Julia Neuvirth knows exactly what to do when confronted with a possible data security issue. “The first thing I do is call my dad,” she says.
Julia is the winner of the 2018 DRI Foundation $5,000 college scholarship for a current undergrad. She’s a sophomore at Alma College where she has a nearly perfect GPA and a double major in elementary education and social studies. Her dad is Jim Neuvirth, a CBCP who works in information assurance for the University of Michigan, Ann Arbor.
While dad might be her first call, Julia is plenty tech savvy all on her own. She put that knowledge to use when writing her essay which answered the DRI Foundation’s question: Given the risks and indispensability of mobile devices, what measure would you suggest that governments, institutions and individuals take to protect the integrity and confidentiality of information? Read her essay here.
“Your essay showed a deep understanding of the issues that face students today and insightful suggestions for how to provide better solutions. It is not hard to see why you were the unanimous choice of our volunteer scholarship committee,” said DRI Foundation President Al Berman. “On behalf of DRI International and its Foundation I want to congratulate you on being the 2018 recipient of the DRI Foundation Undergraduate Scholarship. The scholarship is awarded to the undergraduate who has demonstrated academic excellence, but more importantly has given of themselves to help others and who has considered how to make their community and the greater world better prepared. It is hard to believe that you have accomplished this during your first year at Alma College. I am hoping that you will receive as much satisfaction from this calling as you are giving to those who will have their lives changed by your presence.”
Julia plans to be an elementary school teacher, with a special interest in teaching eighth grade. Although she’s brave enough to take on a classroom full of middle schoolers, Julia says she does have a backup plan, thus the double major.
“I think with the way like with what my parents’ jobs are it really has shown me that I need to have some sort of plan,” she says. “Just in case teaching doesn’t work out or something happens and I can’t find a job. I need to have some sort of backup.”

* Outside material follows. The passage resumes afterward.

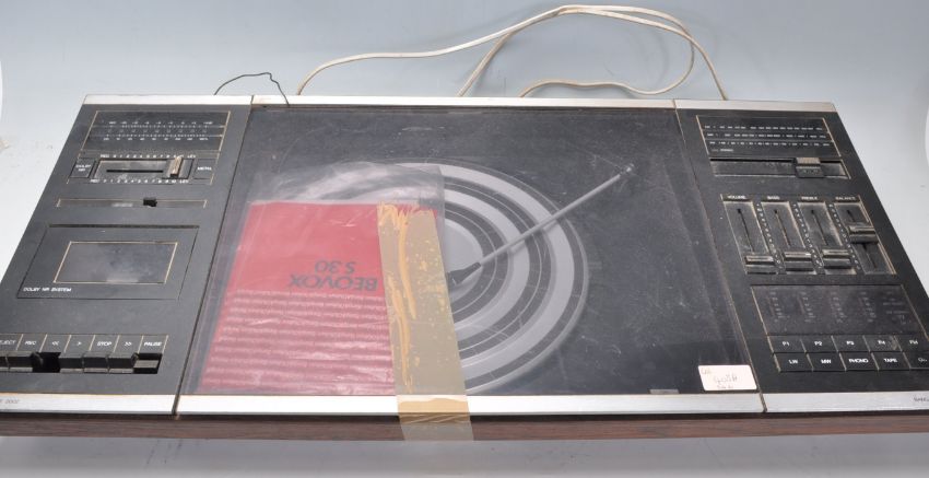 A Bang & Olufsen B&O Beocenter 2002 record deck and cassette music player.

While we’re sure Julia won’t need to enact her career backup plans, we’re impressed that she’s so attuned to the risks of mobile devices and the need to have a plan when those risks become realities.
“A lot of my friends have no idea. They don’t have a backup plan in case their phone dies and they’re in the middle of nowhere. My college is great because they have an IT department that you can take your phone to your computer to and they’ll help you with that. But a lot of kids don’t even know where that is on campus. And then a lot of them just don’t even know the signs of an infected computer If I have something random pop up on my screen, the first thing I do is call my dad.”
For his part, her dad “can’t say enough about her. We’re just so proud of her accomplishments. She has excelled in school without compromising her own personal beliefs. She’s just so dedicated.”